Source data
+ + + + +
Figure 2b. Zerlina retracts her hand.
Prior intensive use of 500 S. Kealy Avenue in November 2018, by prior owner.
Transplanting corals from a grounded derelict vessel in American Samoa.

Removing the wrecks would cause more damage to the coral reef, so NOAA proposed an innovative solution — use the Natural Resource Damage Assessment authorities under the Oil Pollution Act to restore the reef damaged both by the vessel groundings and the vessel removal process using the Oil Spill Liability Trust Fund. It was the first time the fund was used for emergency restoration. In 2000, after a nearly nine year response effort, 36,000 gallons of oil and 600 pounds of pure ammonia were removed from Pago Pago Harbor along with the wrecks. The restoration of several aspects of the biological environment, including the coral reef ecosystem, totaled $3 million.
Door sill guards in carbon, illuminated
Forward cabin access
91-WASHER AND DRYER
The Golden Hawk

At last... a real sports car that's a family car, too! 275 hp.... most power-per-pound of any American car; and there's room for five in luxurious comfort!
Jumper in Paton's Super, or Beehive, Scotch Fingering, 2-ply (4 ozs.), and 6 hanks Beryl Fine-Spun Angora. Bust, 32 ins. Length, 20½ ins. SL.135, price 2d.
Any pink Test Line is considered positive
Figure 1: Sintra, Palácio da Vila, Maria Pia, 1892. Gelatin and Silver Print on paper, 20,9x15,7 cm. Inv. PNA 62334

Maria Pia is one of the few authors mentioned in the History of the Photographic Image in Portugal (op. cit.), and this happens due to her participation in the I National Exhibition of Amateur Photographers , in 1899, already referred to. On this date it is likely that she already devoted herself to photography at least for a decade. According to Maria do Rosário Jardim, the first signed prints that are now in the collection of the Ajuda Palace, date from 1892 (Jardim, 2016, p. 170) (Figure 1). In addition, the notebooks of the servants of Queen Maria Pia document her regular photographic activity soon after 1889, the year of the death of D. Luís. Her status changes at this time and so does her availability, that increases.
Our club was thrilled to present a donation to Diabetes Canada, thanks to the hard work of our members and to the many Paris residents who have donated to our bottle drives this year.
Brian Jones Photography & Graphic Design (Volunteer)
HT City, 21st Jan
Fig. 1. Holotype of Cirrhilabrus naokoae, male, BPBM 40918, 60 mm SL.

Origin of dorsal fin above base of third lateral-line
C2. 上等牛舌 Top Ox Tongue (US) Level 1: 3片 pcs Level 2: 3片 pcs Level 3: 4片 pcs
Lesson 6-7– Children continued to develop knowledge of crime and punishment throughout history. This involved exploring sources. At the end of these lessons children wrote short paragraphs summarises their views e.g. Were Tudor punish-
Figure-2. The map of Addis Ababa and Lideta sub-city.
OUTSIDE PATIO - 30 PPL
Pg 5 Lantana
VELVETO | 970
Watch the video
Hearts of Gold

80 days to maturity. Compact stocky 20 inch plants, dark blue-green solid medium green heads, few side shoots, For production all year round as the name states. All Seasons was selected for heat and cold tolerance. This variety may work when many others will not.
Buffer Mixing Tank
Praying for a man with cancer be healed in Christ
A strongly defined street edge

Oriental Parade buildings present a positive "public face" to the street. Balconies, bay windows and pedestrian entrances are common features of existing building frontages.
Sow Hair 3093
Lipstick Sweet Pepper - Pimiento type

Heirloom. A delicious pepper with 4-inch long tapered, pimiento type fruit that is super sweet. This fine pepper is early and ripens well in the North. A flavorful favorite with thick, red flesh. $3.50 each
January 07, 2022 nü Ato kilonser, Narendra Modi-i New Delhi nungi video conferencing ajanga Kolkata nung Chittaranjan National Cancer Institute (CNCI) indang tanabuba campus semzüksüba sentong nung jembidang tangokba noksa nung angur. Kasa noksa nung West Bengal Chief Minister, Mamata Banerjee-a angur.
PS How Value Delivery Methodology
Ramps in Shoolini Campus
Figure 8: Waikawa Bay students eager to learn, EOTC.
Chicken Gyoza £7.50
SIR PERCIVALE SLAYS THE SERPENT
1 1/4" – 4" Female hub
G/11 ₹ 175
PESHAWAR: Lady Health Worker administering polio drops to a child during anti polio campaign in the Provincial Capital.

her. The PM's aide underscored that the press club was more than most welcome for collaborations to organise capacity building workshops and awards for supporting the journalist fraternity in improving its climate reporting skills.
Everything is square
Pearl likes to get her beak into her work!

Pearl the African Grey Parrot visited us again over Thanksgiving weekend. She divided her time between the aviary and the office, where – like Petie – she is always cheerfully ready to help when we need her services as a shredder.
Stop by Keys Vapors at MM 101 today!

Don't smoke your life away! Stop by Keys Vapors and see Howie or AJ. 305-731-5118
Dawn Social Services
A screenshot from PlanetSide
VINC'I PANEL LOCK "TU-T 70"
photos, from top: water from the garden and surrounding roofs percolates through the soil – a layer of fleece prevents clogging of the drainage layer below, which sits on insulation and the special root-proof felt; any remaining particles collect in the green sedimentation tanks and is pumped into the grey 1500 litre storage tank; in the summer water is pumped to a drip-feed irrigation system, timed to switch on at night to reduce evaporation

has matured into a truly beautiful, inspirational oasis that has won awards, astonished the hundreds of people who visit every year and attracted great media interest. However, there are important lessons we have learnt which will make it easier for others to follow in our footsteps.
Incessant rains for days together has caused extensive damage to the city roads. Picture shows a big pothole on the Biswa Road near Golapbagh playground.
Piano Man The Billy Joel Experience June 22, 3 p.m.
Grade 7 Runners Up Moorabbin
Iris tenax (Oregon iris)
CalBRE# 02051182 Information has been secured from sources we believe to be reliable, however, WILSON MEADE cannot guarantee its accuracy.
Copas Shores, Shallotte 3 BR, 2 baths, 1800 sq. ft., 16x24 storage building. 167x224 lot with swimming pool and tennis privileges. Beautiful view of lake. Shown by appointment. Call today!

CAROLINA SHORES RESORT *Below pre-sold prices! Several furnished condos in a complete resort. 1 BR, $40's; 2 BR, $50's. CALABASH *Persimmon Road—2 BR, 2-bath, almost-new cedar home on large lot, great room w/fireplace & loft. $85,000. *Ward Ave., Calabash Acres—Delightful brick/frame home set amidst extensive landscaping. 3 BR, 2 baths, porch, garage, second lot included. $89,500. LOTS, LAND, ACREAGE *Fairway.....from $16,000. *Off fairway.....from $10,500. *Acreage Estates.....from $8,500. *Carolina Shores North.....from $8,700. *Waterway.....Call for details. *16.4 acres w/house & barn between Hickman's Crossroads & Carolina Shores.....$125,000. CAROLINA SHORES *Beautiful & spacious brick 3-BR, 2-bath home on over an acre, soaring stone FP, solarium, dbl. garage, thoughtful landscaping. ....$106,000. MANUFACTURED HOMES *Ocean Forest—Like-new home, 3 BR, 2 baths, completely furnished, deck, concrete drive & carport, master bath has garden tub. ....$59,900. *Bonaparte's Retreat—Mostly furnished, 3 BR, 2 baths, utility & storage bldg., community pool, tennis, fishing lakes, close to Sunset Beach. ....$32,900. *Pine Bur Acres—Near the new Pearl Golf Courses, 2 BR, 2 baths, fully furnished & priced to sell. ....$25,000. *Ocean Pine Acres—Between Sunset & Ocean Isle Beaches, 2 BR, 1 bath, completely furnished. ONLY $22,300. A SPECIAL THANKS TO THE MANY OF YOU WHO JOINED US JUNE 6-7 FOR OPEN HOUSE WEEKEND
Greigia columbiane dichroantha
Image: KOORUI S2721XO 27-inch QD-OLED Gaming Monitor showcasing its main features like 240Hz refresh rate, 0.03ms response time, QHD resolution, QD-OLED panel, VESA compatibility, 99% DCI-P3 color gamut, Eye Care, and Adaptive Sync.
+ + + + +
Work order: Within the data above, the span starting at the line containing "Praying for a" and ending at the line containing "Pearl likes to get her beak into her work!" is to be retyped exactly, with no other lines.

Result of the exercise:
Praying for a man with cancer be healed in Christ
A strongly defined street edge

Oriental Parade buildings present a positive "public face" to the street. Balconies, bay windows and pedestrian entrances are common features of existing building frontages.
Sow Hair 3093
Lipstick Sweet Pepper - Pimiento type

Heirloom. A delicious pepper with 4-inch long tapered, pimiento type fruit that is super sweet. This fine pepper is early and ripens well in the North. A flavorful favorite with thick, red flesh. $3.50 each
January 07, 2022 nü Ato kilonser, Narendra Modi-i New Delhi nungi video conferencing ajanga Kolkata nung Chittaranjan National Cancer Institute (CNCI) indang tanabuba campus semzüksüba sentong nung jembidang tangokba noksa nung angur. Kasa noksa nung West Bengal Chief Minister, Mamata Banerjee-a angur.
PS How Value Delivery Methodology
Ramps in Shoolini Campus
Figure 8: Waikawa Bay students eager to learn, EOTC.
Chicken Gyoza £7.50
SIR PERCIVALE SLAYS THE SERPENT
1 1/4" – 4" Female hub
G/11 ₹ 175
PESHAWAR: Lady Health Worker administering polio drops to a child during anti polio campaign in the Provincial Capital.

her. The PM's aide underscored that the press club was more than most welcome for collaborations to organise capacity building workshops and awards for supporting the journalist fraternity in improving its climate reporting skills.
Everything is square
Pearl likes to get her beak into her work!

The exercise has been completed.